» What needs to be done: From the records below, set down exactly the lines starting with the line that contains "吴俊同学在我校攻读硕士学位期" and going on through the line that contains "cidade, foi cancelado.". Nothing else is wanted.

» The data:
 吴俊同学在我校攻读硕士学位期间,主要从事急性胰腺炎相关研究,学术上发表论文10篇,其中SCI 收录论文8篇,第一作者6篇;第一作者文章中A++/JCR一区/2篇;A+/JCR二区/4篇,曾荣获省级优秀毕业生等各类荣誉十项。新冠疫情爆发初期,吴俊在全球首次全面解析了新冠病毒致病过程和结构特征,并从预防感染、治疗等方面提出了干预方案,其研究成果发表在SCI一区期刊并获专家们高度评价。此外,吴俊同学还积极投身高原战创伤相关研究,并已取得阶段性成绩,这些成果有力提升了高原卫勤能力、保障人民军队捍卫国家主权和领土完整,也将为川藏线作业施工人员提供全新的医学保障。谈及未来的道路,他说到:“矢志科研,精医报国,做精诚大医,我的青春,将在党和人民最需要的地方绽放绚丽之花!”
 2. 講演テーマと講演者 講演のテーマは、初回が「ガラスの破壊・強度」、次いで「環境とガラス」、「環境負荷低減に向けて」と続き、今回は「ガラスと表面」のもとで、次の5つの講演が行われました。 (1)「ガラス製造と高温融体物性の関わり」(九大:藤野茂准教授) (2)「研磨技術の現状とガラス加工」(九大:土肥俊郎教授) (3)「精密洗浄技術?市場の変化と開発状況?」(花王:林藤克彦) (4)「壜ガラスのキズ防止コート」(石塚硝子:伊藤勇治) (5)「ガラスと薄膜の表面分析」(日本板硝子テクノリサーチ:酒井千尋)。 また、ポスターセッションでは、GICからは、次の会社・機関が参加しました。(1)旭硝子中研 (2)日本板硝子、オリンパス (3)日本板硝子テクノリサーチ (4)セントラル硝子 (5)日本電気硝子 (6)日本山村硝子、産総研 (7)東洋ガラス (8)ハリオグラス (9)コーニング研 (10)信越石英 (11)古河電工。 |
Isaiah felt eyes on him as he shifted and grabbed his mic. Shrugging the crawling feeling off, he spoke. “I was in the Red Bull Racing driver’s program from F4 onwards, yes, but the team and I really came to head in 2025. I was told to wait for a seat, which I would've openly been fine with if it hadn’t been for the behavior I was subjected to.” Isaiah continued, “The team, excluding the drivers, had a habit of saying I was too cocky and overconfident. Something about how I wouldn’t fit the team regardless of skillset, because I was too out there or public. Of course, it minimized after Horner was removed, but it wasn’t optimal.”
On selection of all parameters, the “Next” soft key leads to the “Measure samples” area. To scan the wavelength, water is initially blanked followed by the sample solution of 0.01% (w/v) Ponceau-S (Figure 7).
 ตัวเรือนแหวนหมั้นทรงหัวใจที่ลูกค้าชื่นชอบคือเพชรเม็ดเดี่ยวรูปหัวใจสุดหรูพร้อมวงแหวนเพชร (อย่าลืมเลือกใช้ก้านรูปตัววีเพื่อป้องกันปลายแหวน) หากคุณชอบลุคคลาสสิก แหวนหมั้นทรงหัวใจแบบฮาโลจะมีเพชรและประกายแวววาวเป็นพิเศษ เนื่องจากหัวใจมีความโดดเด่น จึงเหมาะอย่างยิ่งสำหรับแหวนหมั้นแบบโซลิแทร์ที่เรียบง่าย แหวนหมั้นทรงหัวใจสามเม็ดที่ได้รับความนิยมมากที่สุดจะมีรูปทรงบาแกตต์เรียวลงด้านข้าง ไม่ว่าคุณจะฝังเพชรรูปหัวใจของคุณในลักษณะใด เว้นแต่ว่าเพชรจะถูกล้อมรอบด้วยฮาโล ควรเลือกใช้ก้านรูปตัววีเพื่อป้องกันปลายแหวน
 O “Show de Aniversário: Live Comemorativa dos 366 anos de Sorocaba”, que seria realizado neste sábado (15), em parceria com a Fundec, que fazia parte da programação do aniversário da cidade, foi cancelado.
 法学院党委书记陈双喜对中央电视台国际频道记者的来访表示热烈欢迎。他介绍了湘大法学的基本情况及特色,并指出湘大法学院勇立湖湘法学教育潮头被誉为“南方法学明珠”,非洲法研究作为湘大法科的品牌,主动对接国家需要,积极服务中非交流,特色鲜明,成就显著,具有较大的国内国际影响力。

* * *

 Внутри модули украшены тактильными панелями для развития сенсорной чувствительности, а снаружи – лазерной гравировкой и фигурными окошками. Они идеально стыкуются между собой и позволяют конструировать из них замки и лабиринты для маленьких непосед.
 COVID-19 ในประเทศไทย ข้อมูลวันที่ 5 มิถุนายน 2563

» Task response:
 吴俊同学在我校攻读硕士学位期间,主要从事急性胰腺炎相关研究,学术上发表论文10篇,其中SCI 收录论文8篇,第一作者6篇;第一作者文章中A++/JCR一区/2篇;A+/JCR二区/4篇,曾荣获省级优秀毕业生等各类荣誉十项。新冠疫情爆发初期,吴俊在全球首次全面解析了新冠病毒致病过程和结构特征,并从预防感染、治疗等方面提出了干预方案,其研究成果发表在SCI一区期刊并获专家们高度评价。此外,吴俊同学还积极投身高原战创伤相关研究,并已取得阶段性成绩,这些成果有力提升了高原卫勤能力、保障人民军队捍卫国家主权和领土完整,也将为川藏线作业施工人员提供全新的医学保障。谈及未来的道路,他说到:“矢志科研,精医报国,做精诚大医,我的青春,将在党和人民最需要的地方绽放绚丽之花!”
 2. 講演テーマと講演者 講演のテーマは、初回が「ガラスの破壊・強度」、次いで「環境とガラス」、「環境負荷低減に向けて」と続き、今回は「ガラスと表面」のもとで、次の5つの講演が行われました。 (1)「ガラス製造と高温融体物性の関わり」(九大:藤野茂准教授) (2)「研磨技術の現状とガラス加工」(九大:土肥俊郎教授) (3)「精密洗浄技術?市場の変化と開発状況?」(花王:林藤克彦) (4)「壜ガラスのキズ防止コート」(石塚硝子:伊藤勇治) (5)「ガラスと薄膜の表面分析」(日本板硝子テクノリサーチ:酒井千尋)。 また、ポスターセッションでは、GICからは、次の会社・機関が参加しました。(1)旭硝子中研 (2)日本板硝子、オリンパス (3)日本板硝子テクノリサーチ (4)セントラル硝子 (5)日本電気硝子 (6)日本山村硝子、産総研 (7)東洋ガラス (8)ハリオグラス (9)コーニング研 (10)信越石英 (11)古河電工。 |
Isaiah felt eyes on him as he shifted and grabbed his mic. Shrugging the crawling feeling off, he spoke. “I was in the Red Bull Racing driver’s program from F4 onwards, yes, but the team and I really came to head in 2025. I was told to wait for a seat, which I would've openly been fine with if it hadn’t been for the behavior I was subjected to.” Isaiah continued, “The team, excluding the drivers, had a habit of saying I was too cocky and overconfident. Something about how I wouldn’t fit the team regardless of skillset, because I was too out there or public. Of course, it minimized after Horner was removed, but it wasn’t optimal.”
On selection of all parameters, the “Next” soft key leads to the “Measure samples” area. To scan the wavelength, water is initially blanked followed by the sample solution of 0.01% (w/v) Ponceau-S (Figure 7).
 ตัวเรือนแหวนหมั้นทรงหัวใจที่ลูกค้าชื่นชอบคือเพชรเม็ดเดี่ยวรูปหัวใจสุดหรูพร้อมวงแหวนเพชร (อย่าลืมเลือกใช้ก้านรูปตัววีเพื่อป้องกันปลายแหวน) หากคุณชอบลุคคลาสสิก แหวนหมั้นทรงหัวใจแบบฮาโลจะมีเพชรและประกายแวววาวเป็นพิเศษ เนื่องจากหัวใจมีความโดดเด่น จึงเหมาะอย่างยิ่งสำหรับแหวนหมั้นแบบโซลิแทร์ที่เรียบง่าย แหวนหมั้นทรงหัวใจสามเม็ดที่ได้รับความนิยมมากที่สุดจะมีรูปทรงบาแกตต์เรียวลงด้านข้าง ไม่ว่าคุณจะฝังเพชรรูปหัวใจของคุณในลักษณะใด เว้นแต่ว่าเพชรจะถูกล้อมรอบด้วยฮาโล ควรเลือกใช้ก้านรูปตัววีเพื่อป้องกันปลายแหวน
 O “Show de Aniversário: Live Comemorativa dos 366 anos de Sorocaba”, que seria realizado neste sábado (15), em parceria com a Fundec, que fazia parte da programação do aniversário da cidade, foi cancelado.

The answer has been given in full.